Segment Start: EXTRACTED ENTRIES

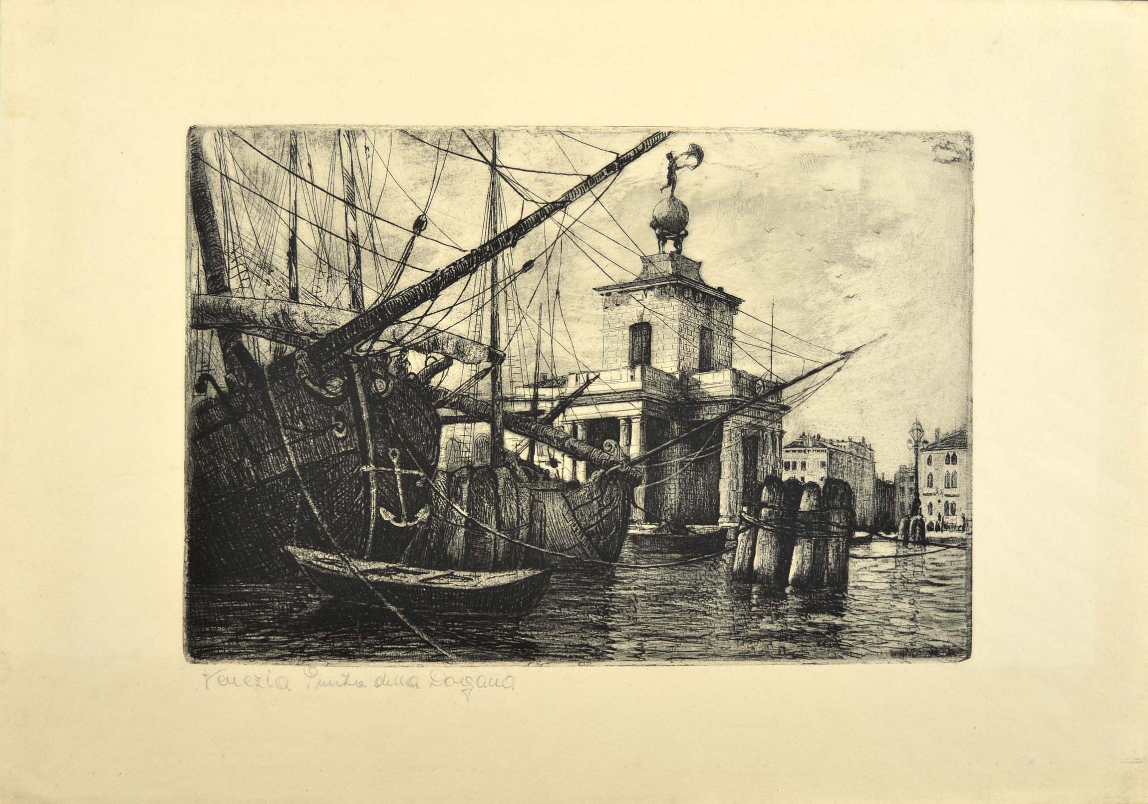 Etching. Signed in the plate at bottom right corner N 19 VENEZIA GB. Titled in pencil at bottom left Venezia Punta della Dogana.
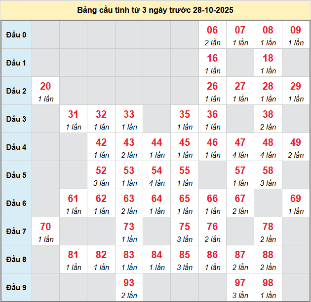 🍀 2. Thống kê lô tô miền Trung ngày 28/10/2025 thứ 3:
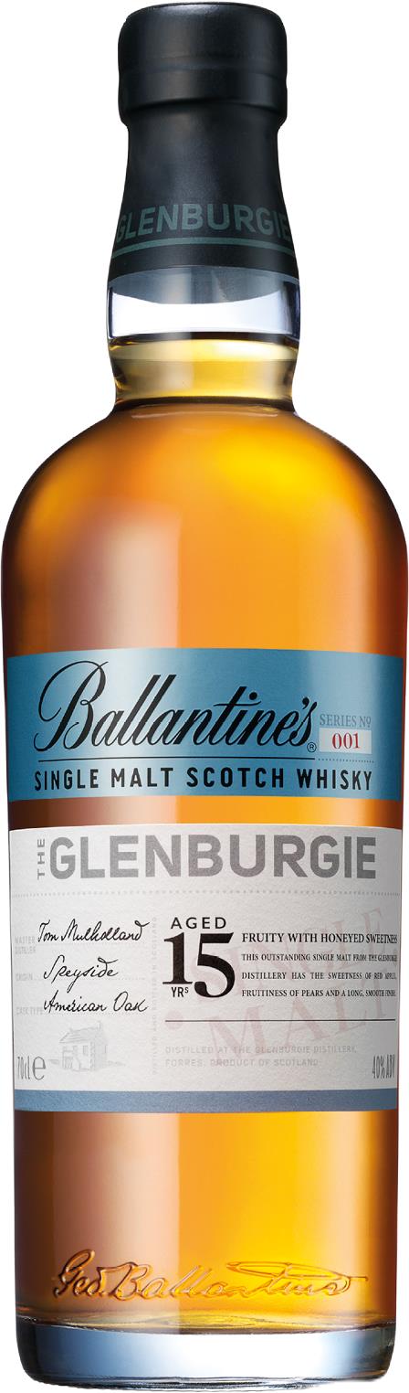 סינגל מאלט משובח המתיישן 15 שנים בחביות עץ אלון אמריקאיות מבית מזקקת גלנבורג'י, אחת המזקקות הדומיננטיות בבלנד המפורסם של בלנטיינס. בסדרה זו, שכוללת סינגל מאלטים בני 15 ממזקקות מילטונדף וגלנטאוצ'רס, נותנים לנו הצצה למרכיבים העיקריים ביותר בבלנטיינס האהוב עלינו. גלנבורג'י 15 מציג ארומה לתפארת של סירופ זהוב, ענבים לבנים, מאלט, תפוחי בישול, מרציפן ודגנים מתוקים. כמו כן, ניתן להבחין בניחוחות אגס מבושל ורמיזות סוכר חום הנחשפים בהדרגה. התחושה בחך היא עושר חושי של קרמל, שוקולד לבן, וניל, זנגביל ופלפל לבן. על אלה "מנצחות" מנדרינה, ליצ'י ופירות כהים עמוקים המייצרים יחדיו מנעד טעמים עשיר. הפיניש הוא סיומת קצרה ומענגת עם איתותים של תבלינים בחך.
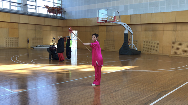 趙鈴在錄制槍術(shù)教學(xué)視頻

Segment End: EXTRACTED ENTRIES
Segment Start: EXTRACTED ENTRIES

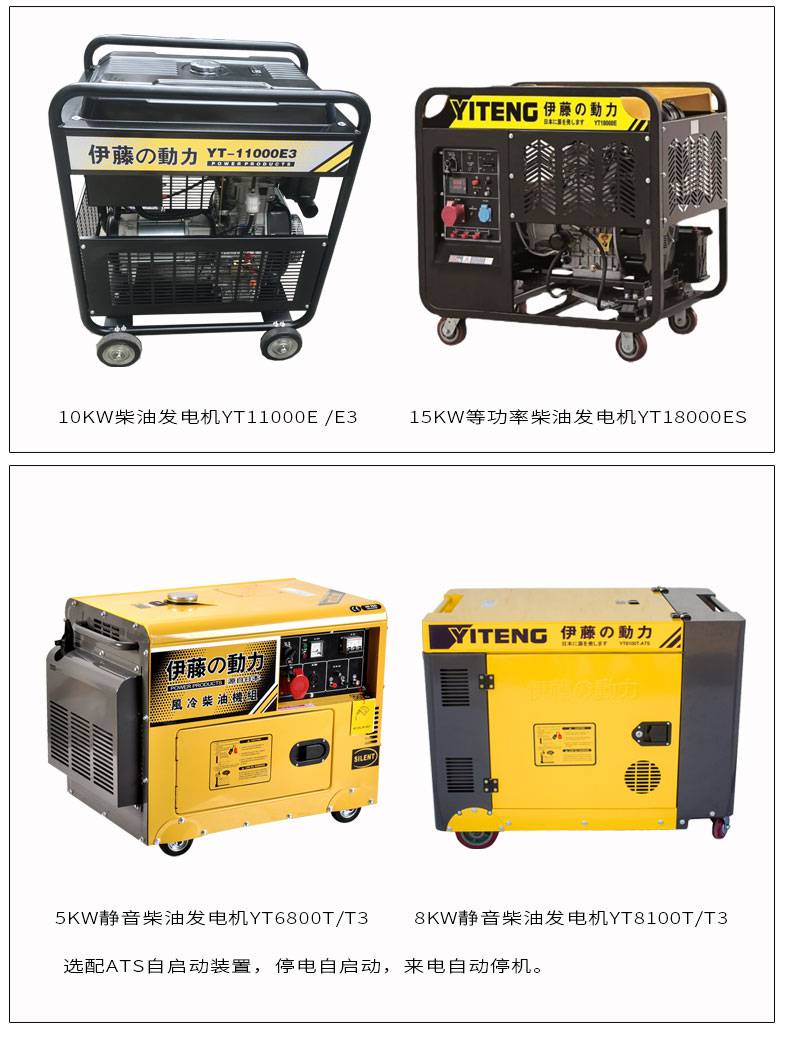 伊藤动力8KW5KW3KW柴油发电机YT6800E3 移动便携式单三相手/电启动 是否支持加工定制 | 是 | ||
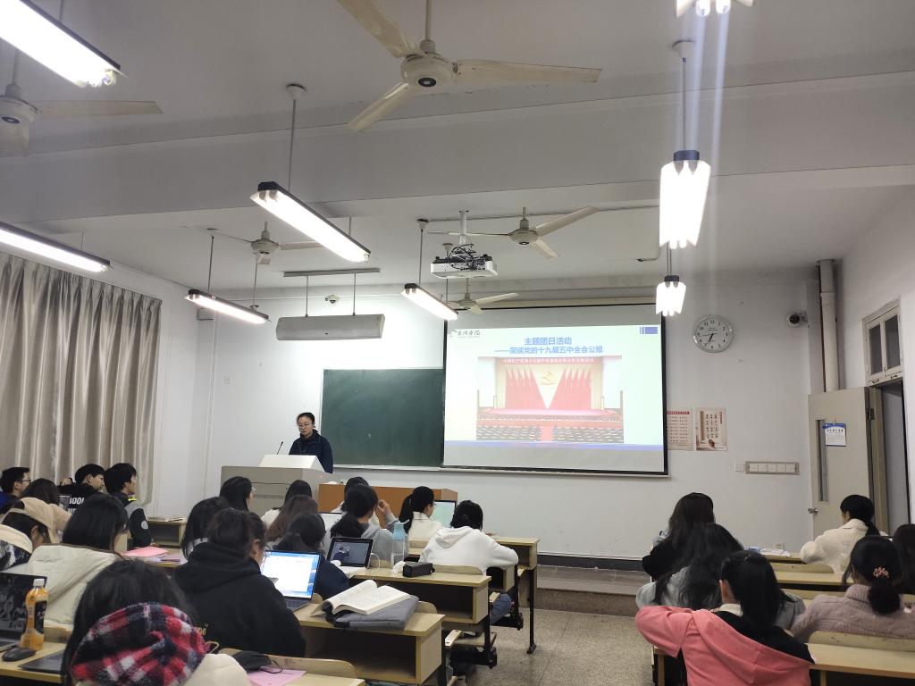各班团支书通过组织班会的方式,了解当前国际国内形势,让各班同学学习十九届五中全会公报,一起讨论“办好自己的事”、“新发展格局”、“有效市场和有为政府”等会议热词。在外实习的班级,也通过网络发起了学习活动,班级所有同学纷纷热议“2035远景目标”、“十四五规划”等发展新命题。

Segment End: EXTRACTED ENTRIES

## [WHAT THIS TASK INVOLVES]
Both the line containing "Etching. Signed in" and the line containing "2. Thống kê" above belong in the output, as do the lines between them. Print them exactly, without pictures.

## [WRITTEN ANSWER]
 Etching. Signed in the plate at bottom right corner N 19 VENEZIA GB. Titled in pencil at bottom left Venezia Punta della Dogana.
 🍀 2. Thống kê lô tô miền Trung ngày 28/10/2025 thứ 3:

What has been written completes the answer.